Roberto Clemente was awarded the "Congressional Gold Medal" in 1973 by the United States Congress. The Presidential Medal of Freedom was also given to him. That award was established by President Harry Truman in 1945 for civilian service during World War II, then President John F Kennedy revived the award to recognize those individuals who have made "an especially meritorious contribution to the security or national interests of the United States, world peace, cultural or other significant public or private endeavors," said President John F. Kennedy.
As a player, he was inducted into the "National Baseball Hall of Fame" the summer after his death and, as a result, Baseball passed a new rule to make players who have died, while still active, to be eligible for the "National Baseball Hall of Fame" before the 5 year waiting period. New York Yankees Captain Thurman Munson would be the first to become eligible after he also tragically died in an airplane accident in 1979. Baseball Commissioner Bud Selig announced in 2002 that September 14th would be known as "Roberto Clemente Day."
"Beyond Baseball: The Life of Roberto Clemente" was a Smithsonian Institution Traveling Exhibit. "Museo de Arte de Puerto Rico" with "Carimar Design and Research Studio," along with the support of "Smithsonian Latino Center," collaborated on creating this project. It booked across the country from 2007 to 2012, on display here at the Orange County Regional History Center" between January and March of 2012. Its now archived at Smithsonian Institution Traveling Exhibition Service (SITES).
I visited the exhibit on the day of the screening of "Roberto Clemente: A Touch of Royalty." Filmmaker Donald Fedynak (the Writer and Director) was on hand to discuss the making of this film. It follows the triumphant yet tragic end of Roberto Clemente's life. Growing up in Chicago, I remember watching the Chicago Cubs on WGN and, sometimes, the television station would run this film during rain delays.
There's a scene in this rare film where, in the days following the news, a critical mass of people were just standing along the shore and looking out to the ocean, hoping to find answers to the puzzling reality that he was gone. They were singing "Solo Dios Hace el Hombre Feliz." An English translation; man is happy by the grace of God. The recurring theme in the film was the contrast of a happy man and the grieving community.
Roberto Clemente believed that his skill and fortune were God given and his love for family and country helped him realize, at an early age, that true happiness is found in friendships, community, and serving others.
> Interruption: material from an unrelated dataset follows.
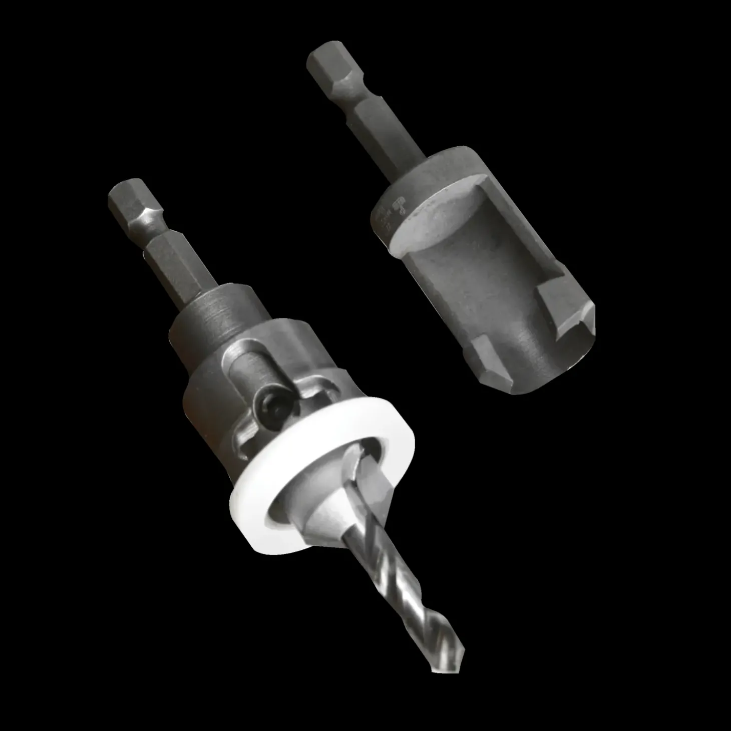 Propbor og forsænkersæt fra DVA. Forsænker er med hårdmetal-skær og dybde stop med beskyttende nylonring samt propbor af hærdet stål.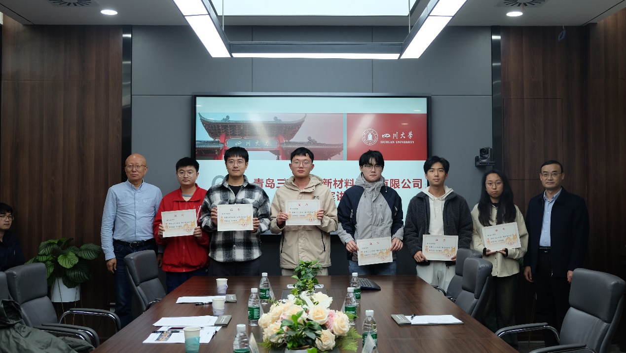 11月20日下午,学院“晓光奖助学金”颁奖典礼在学院科教楼207会议室举行。青岛三力本诺新材料股份有限公司董事长王晓光和成都欣华源科技有限责任公司(三力本诺全资子公司)办公室主任陈瀚,公司党委书记牟德富、党委副书记钱祉祺,学校分析测试中心教授杨杰、王孝军以及学院员工工作组辅导员、获奖员工代等出席颁奖仪式。颁奖仪式由公司党委副书记钱祉祺主持。

In the David Maraniss book "Clemente, The Passion and Grace of Baseball's Last Hero," you can find one of the best narrative accounts of the life of Roberto Clemente and leading up to the last days, the last hours, and the last moments, including accounts of countless people close to him and what they were doing when they heard the news.
Where was I? We were in a car, leaving my God Father's home after a New Years Eve party when the news came through the radio. He died when I was 6 years old. But, I remember images of him on Puerto Rican Television playing the Chicago Cubs, walking up to home plate, in front of the brick wall backstop of Wrigley Field. Somehow, it was piped in via delayed video, before the age of cable.
My family moved to Chicago in 1973, the year after he died. Just as he is remembered as the forever young man of 38 years, he also reminds us of our childhood. Time tends to inflate stories.
But, Roberto Clemente is as real as having a moral compass. "Any time you have an opportunity to make a difference in this world and you don't, then you are wasting you time in this Earth," he once said. That has been the preamble to knowing the Roberto Clemente Story, in a nutshell. The death of a hero is at the forefront of many dreams.